Bellwether’s a funny word you are sure to hear mentioned often leading up to Election Day.  By definition bellwether is “an indication of a trend” or “a castrated male sheep.”  (, seriously I’m not making it up.) 


For our purposes let us focus on the former and try to erase the mental image of the latter.  Ohio is a bellwether state because our voting trends are often reflective of the nation as a whole.  But what spots are bellwether’s of the state?  Leading up 2004 it was Stark County.  That’s why the New York Times covered the Bush-Kerry race through the pen of a reporter living there. Going into the race (with the exception of 1976) they had voted for the winner in every presidential election since 1964.  But when the votes were tallied four years ago Stark County had sided with John Kerry, the state with George Bush.

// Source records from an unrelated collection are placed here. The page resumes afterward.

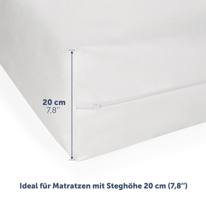 - OHNE KNISTERN - IDEAL FÜR STEGHÖHE 30 CM: Ideale Passform nach dem ersten Waschen - optimal für Matratzen mit 30 cm Höhe. Der Allergie Matratzenschoner knistert nicht.
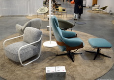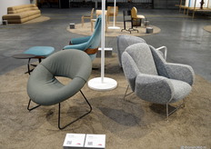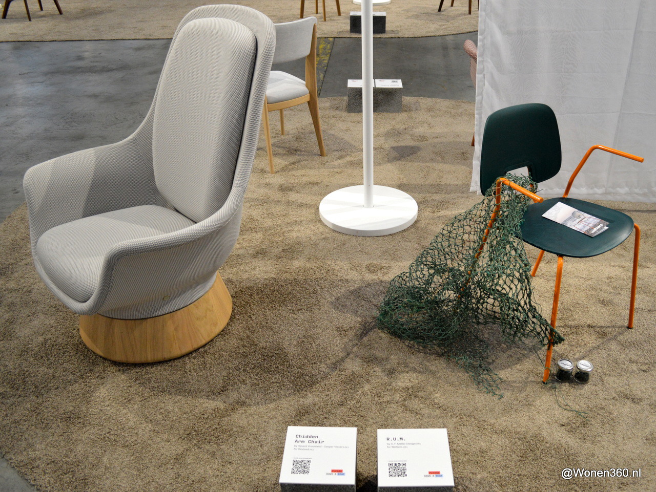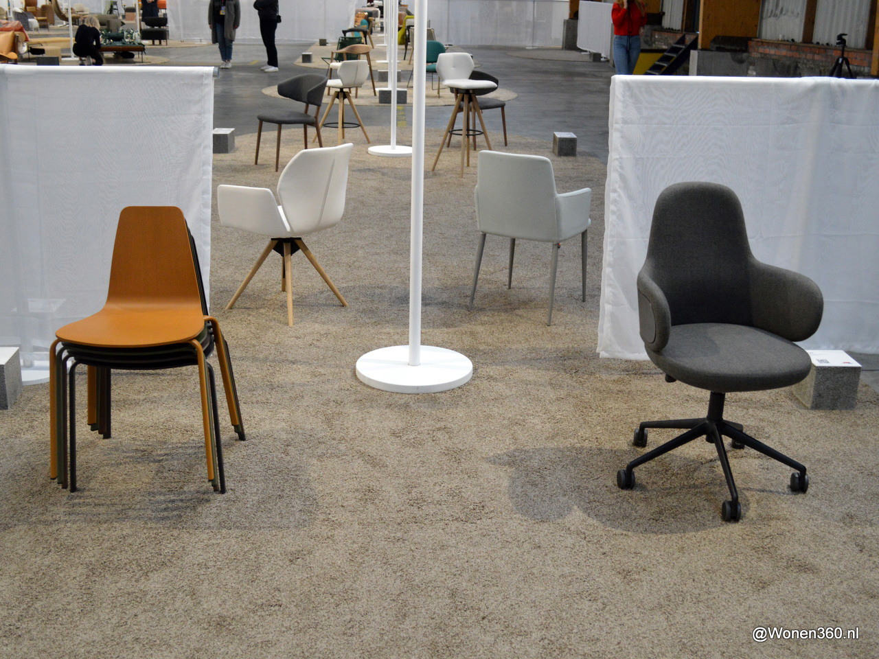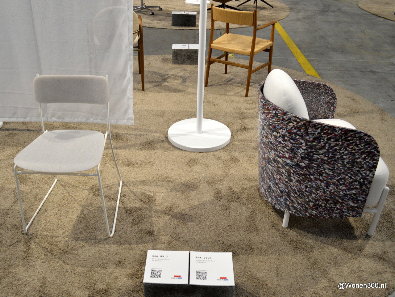 Rechts Savo 360 door Olle Lundberg voor Savo Commercial Seating en de Founded Lounge Chair door Richard Schipper voor Qliv.
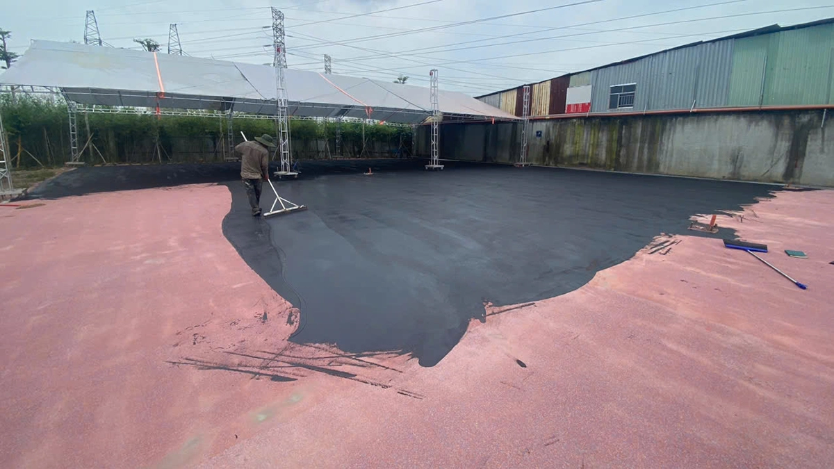 - Thi công mặt nền: Xử lý chống nứt, san phẳng, tạo độ dốc thoát nước; đảm bảo bề mặt sẵn sàng cho sơn.

So as I poured over election results in the past couple of years and broke down the numbers I found the new Stark may very well be Lake.  Lake County’s numbers in the 2004 race mirrored the state of Ohio, which mirrored the nation.


National Totals;              Ohio                     Lake County:

George Bush   50.73%    Bush: 50.81%       Bush  51.3%

John Kerry      48.27%     Kerry 48.71%        Kerry 48.7%


The numbers in the 2006 race U.S. Senate and Governor look similar;


Ohio                                 Lake County:

Sherrod Brown  56.16%      Brown     57.14%

Mike DeWine   43.82%       DeWine  42.85%


Ohio                                 Lake County:

Ted Strickland  60.54%      Strickland  66.32%

Ken Blackwell  36.65%      Blackwell   33.67%


Even in the Democratic primary in March the numbers were that far off from the rest of the state;


Ohio:                                 Lake County:

Hillary Clinton:   66.06%      Clinton:   62.13%

Barack Obama  30.81%      Obama:   36.37%

John Edwards     3.13%       Edwards:   1.5%


So what does that mean? For us on election night it may provide us with an early indication of how the state will go.  The Lake County Board of Elections is one of the fastest in the state for getting in election results.  That’s important because the state numbers will hinge on the Cuyahoga County vote which as we know you can’t put a time frame on.  So if you want to get an early indication of who the next president will be you may want to keep your eye on Painesville.